• **Exercise data**:
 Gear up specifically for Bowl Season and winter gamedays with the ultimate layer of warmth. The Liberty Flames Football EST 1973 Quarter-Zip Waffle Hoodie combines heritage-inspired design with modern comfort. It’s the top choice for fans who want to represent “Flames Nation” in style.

==

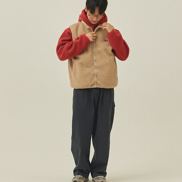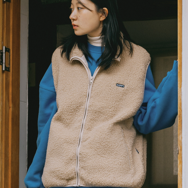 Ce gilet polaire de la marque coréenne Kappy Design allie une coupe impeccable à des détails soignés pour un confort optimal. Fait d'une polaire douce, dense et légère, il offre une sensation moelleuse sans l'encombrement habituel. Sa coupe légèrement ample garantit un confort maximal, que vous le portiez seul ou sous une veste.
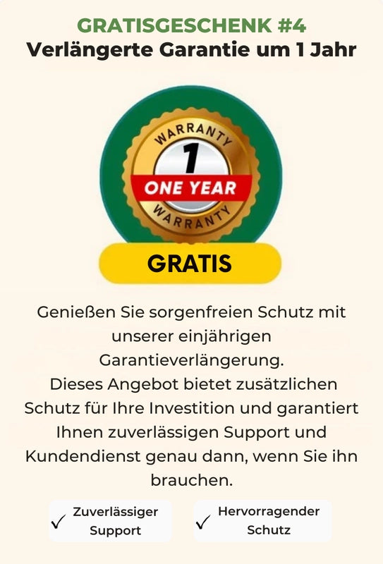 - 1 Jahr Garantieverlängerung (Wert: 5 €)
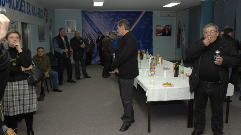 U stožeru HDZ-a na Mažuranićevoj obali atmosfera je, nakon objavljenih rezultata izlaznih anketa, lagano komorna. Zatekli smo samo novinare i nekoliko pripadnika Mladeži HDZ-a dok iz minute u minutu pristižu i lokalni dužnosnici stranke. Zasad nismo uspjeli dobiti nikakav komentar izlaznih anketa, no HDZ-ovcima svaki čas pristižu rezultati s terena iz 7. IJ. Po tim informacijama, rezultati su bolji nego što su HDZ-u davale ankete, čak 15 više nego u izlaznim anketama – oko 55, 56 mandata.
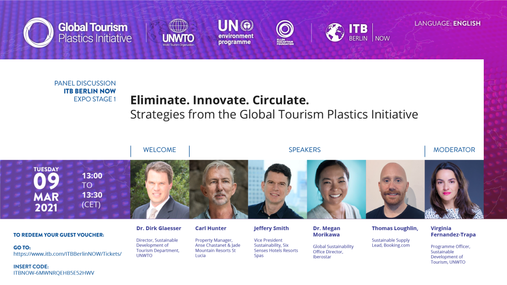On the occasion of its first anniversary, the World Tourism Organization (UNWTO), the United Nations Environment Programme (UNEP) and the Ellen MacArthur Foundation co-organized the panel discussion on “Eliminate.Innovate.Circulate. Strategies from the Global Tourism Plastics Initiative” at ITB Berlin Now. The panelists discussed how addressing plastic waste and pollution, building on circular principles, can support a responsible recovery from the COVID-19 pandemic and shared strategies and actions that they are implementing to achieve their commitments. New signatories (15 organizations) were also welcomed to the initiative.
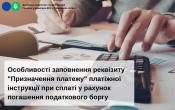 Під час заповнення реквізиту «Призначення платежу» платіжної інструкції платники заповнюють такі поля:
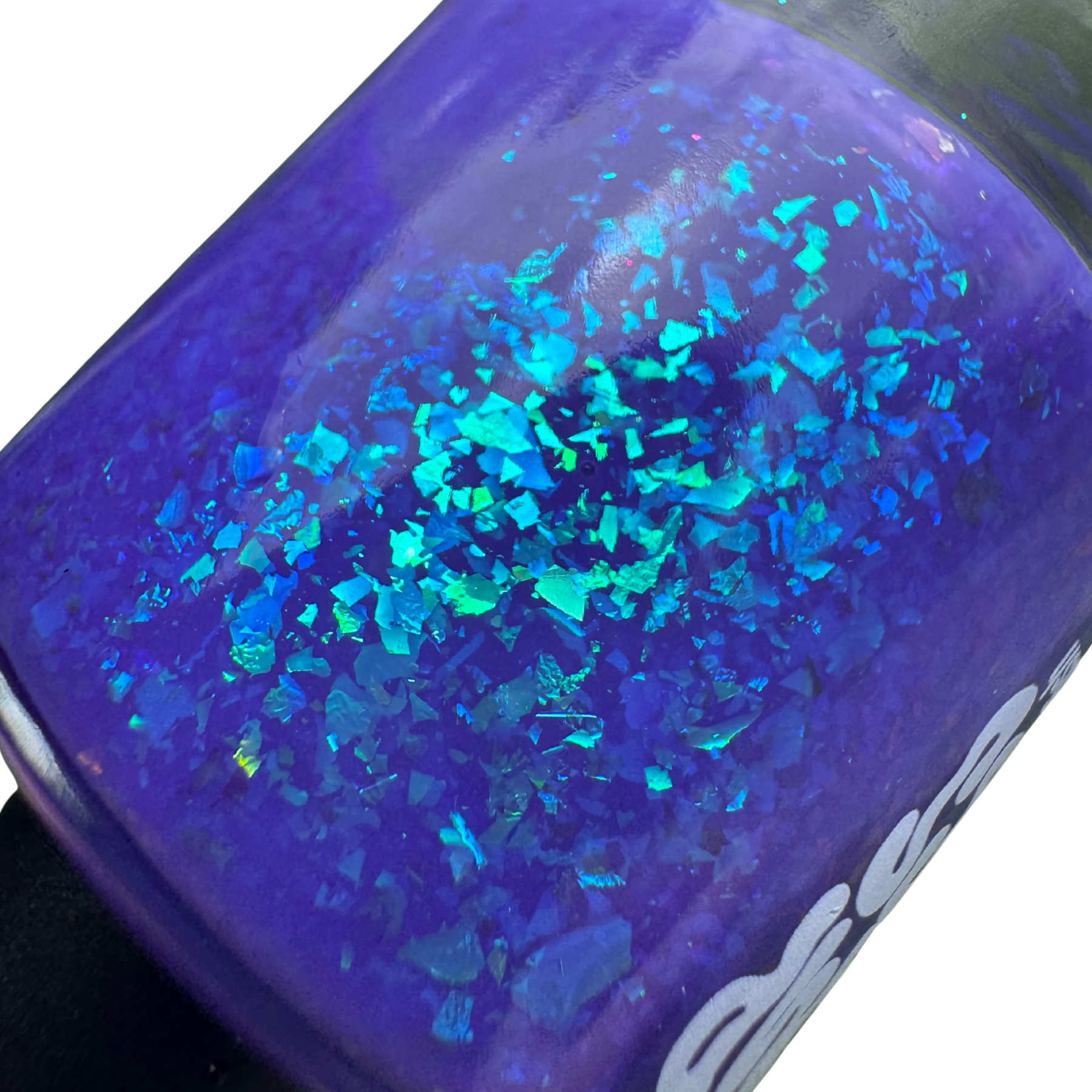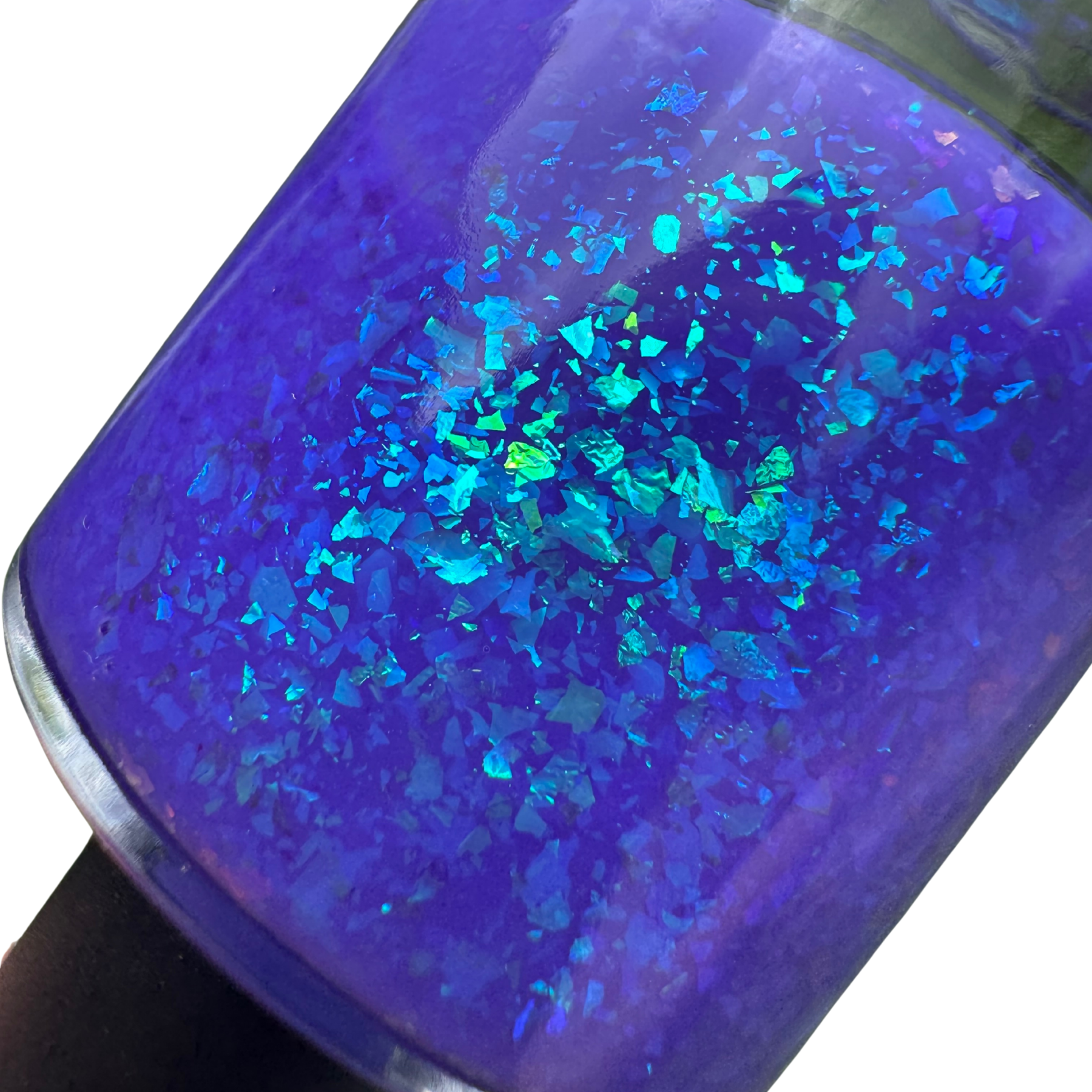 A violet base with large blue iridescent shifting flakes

• **What the task requires**: Everything between and including the line above containing "On the occasion" and the line containing "A violet base" should be reproduced exactly, with pictures excluded.

• **Written response**:
On the occasion of its first anniversary, the World Tourism Organization (UNWTO), the United Nations Environment Programme (UNEP) and the Ellen MacArthur Foundation co-organized the panel discussion on “Eliminate.Innovate.Circulate. Strategies from the Global Tourism Plastics Initiative” at ITB Berlin Now. The panelists discussed how addressing plastic waste and pollution, building on circular principles, can support a responsible recovery from the COVID-19 pandemic and shared strategies and actions that they are implementing to achieve their commitments. New signatories (15 organizations) were also welcomed to the initiative.
 Під час заповнення реквізиту «Призначення платежу» платіжної інструкції платники заповнюють такі поля:
 A violet base with large blue iridescent shifting flakes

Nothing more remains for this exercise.